Su cara arrojó una expresión de sorpresa que desapareció enseguida. Ella sabía, desde luego, que yo había enviado las pertenencias de la capitana Vel a la estación y que no tenía nada para reemplazarlas. Cuando su sorpresa se desvaneció, percibí diversión.
—¿Tú no habrías sentido lo mismo? —me preguntó.
Se refería a cuando yo ocupaba un lugar equivalente al de Cinco, cuando era una nave.
—No, nunca sentí algo así. Aunque algunas naves sí que lo sentían e incluso lo sienten actualmente.
Me refería, sobre todo, a las espadas, que en su mayoría creían que estaban por encima de las misericordias, más pequeñas y menos prestigiosas, y de las cruceros de batalla, las justicias.
—Mis Issa Siete sí que se preocupaban por ese tipo de cosas.
Antes de trabajar como inspectora jefe en el palacio Omaugh, Skaaiat Awer había servido como teniente en una nave con tropas humanas. Dirigió la mirada hacia mi única joya, una pequeña insignia de oro prendida junto a mi hombro izquierdo. Hizo un gesto y cambió de tema, aunque, en realidad, no estaba cambiando de tema.
—Así que a Athoek, ¿no? —Mi destino no había sido anunciado públicamente y, de hecho, podía considerarse información confidencial, pero la casa Awer era una de las más antiguas y adineradas y Skaaiat tenía primas que conocían personas que sabían cosas—. Dudo que yo te enviara allí.
—Pues allí voy.
Ella aceptó mi respuesta sin mostrar signos de sorpresa u ofensa.
—Siéntate, por favor. ¿Un té?
—No, gracias.
En realidad, sí que me habría sentado bien un té. En otras circunstancias, habría estado encantada de mantener una charla relajada con Skaaiat Awer, pero estaba ansiosa por partir. La inspectora jefe volvió a tomarse mi respuesta con calma y tampoco se sentó.
—Cuando llegues a la estación Athoek visitarás a Basnaaid Elming. —No se trataba de una pregunta.
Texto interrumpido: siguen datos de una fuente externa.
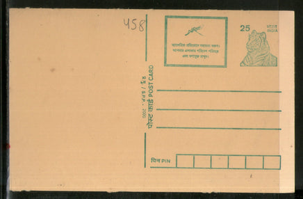 India 2000 25p Tiger Malaria Mosquito Health Advt. Postal Stationery Post Card # PCA262

Sabía que yo la visitaría. Basnaaid era la hermana menor de alguien a quien tanto Skaaiat como yo habíamos querido; alguien a quien yo había matado cumpliendo órdenes de Anaander Mianaai—. En algunos aspectos es como Awn, pero en otros, no.
—Me dijiste que era tozuda.
—Es muy orgullosa y tan tozuda como su hermana; quizá más. Se ofendió mucho cuando le ofrecí un trato de clientelismo debido a mi relación con su hermana. Te lo digo porque sospecho que planeas hacer algo parecido, aunque, seguramente, eres la única persona viva más tozuda que ella.
Arqueé una ceja.
—¿Incluso más que la tirana?
La palabra no era de lengua radchaai, sino de alguno de los mundos anexionados y absorbidos por el Radch, por Anaander Mianaai. La tirana era casi la única persona en el palacio Omaugh que reconocería y entendería esa palabra, además de Skaaiat y yo.
Skaaiat Awer torció la boca en un gesto sarcástico.